A former deputy national chairman of the PDP, Chief Bode George, in a chat with Daily Trust on Sunday on the widening gulf in the party, said the suggestion by southern leaders for the presidential aspirants of the North to step down would be critically looked into.

George said that as an elder of the party, he was convinced that whatever issue thrown up by zoning in the PDP would be resolved amicably.

He said the PDP was faced with a situation where another party produced the presidency, thereby truncating the party’s zoning formula, which would have ceded the presidency to the North for eight years.

He said, “I have said it as an elder of this party. When we have an internal disagreement, which is normal in politics, we will call the elders to sit with us and we will tell ourselves some serious home truths. You don’t take your family’s dirty linens to the marketplace to be discussed.

“I believe, like I said, that there is a major parameter now in the political equation of the PDP, which relates to zoning; the parameter we never thought about, and that is the fact that another party produced the presidency, and now, it has happened in the North; in future, it may happen in the South. So it is a new parameter, a paradigm shift. We need to sit down and discuss the pros and cons.

“At my level, the suggestion that they should step down will also be put into the equation. We will solve it amicably. We can disagree, but we must not be disagreeable. So we will get back, call a meeting and resolve the crisis.

“We have heard them. When we put it into the political equation we will resolve it. We have listened to them, but we will go back, maybe we will find a mid-course.

“We respect them and their voices. We will weigh all the options. We will be for or against in the interest of the country, the party and everybody.”

 Zoning stifles merit but can’t be jettisoned easily – Dons  

Lending voices to the debate, some university dons said zoning stifled merit but it cannot be jettisoned easily due to the peculiarity of the country.

In his response, a political scientist, Dr Mohammed Idris Danjuma of the Kwara State University, Malete, said PDP leaders may have to come to a consensus over the issue.

According to him, for democracy to run appropriately, the will of the people in the majority must prevail.

“On this issue, although it is not constitutional, looking at parity and equity, the three major groups in the country, Hausa, Yoruba and Igbo (in the PDP) should come together if we want the country to survive as one.

“Both groups will just have to dialogue and come to a consensus over it,” he said.

On his part, Dr Isiaq Atanda Abdulwaheed, a political scientist from the University of Ilorin, said that while the constitution allows all of them to contest at any particular time, the popular opinion now is for the president to go to the South.

“They all have the right to contest as there is no issue of zoning in the constitution; it is only a gentleman’s agreement.

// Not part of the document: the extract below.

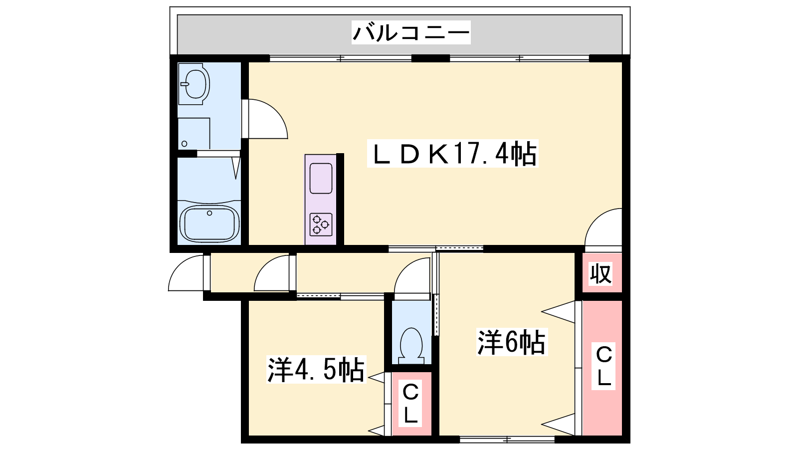 - LDK17.4帖、洋室6帖、洋室4.5帖

However, the dominant narrative now is for the seat to go to the South after the tenure of President Buhari.  Anything contrary to that might not augur well for the country.  However, zoning arrangement stifles merit; that is where we are,” he said.

He said it was people like Atiku and other northern aspirants that are promoting the narrative that the South has had it more.

“Such statement is only sentimental and is being promoted to rationalise and legitimise their ambitions to contest the seat, given their ages and other factors,” he said.